Spinel
cubic ferrites have huge applications in memory and high frequency
devices. For the improvement of these modern devices, the magnetic
coercivity, permeability, and dielectric properties of a ferrite are the
important issues. This article focuses on improving the magnetic
coercivity, magnetic permeability, and dielectric properties of Co0.2Zn0.3Ni0.5EuxFe2–xO4 ferrites, where x = 0.00,
0.06, and 0.10. The X-ray diffraction (XRD), Fourier transform infrared
spectroscopy (FTIR), field emission scanning electron microscopy
(FESEM), energy dispersive X-ray (EDX), vibrating sample magnetometer
(VSM), and an impedance analyzer were used to characterize the
structural, magnetic, and dielectric properties of the samples. The XRD
patterns indicate the formation of spinel cubic structure of the samples
with a secondary peak (EuFeO3) for Eu doped samples.

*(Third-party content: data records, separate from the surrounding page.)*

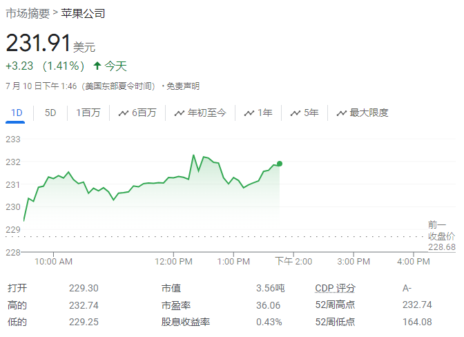 此消息公布后,蘋果股價一度上漲1.8%至232.74美元,刷新盤中新高。截至周二收盤,該股今年已累漲19%。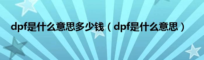 大家好,小美来为大家解答以上问题。dpf是什么意思多少钱,dpf是什么意思很多人还不知道,现在让我们一起来看看吧!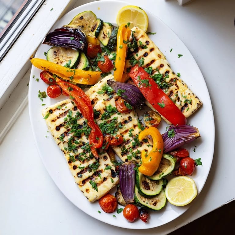 - Layer the grilled halloumi on a platter as your base, then arrange the charred vegetables on top like a colorful tapestry. Scatter the fresh cherry tomatoes over everything for bright pops of color and flavor.

The
densities and porosities of the samples follow an inverse trend, where
the doped samples’ lattice parameters are increased with the increment
of rare earth Eu concentration. The FTIR analysis also proves the spinel
cubic phase of the samples. The average grain size of the ferrites is
obtained via FESEM images, and it is increased from 121 to 198 nm. VSM
analysis confirms that doping of the Eu content also changes other
hysteresis loop properties of Co0.2Zn0.3Ni0.5EuxFe2–xO4 ferrites. Particularly, the coercivity of the Eu doped samples is greater than that of the mother alloy (x = 0.00).
The EDX study shows that there is no impurity contamination in the
ferrites. The permeability and dielectric measurements show an improved
quality factor of the Eu-doped samples with low magnetic and dielectric
losses. Frequency dependent resistivity and impedance analysis also show
the improved nature. From the observed properties of the samples, all
the investigated ferrites might be strong candidates for potential
applications in memory devices, magnetic sensors, and high frequency
applications.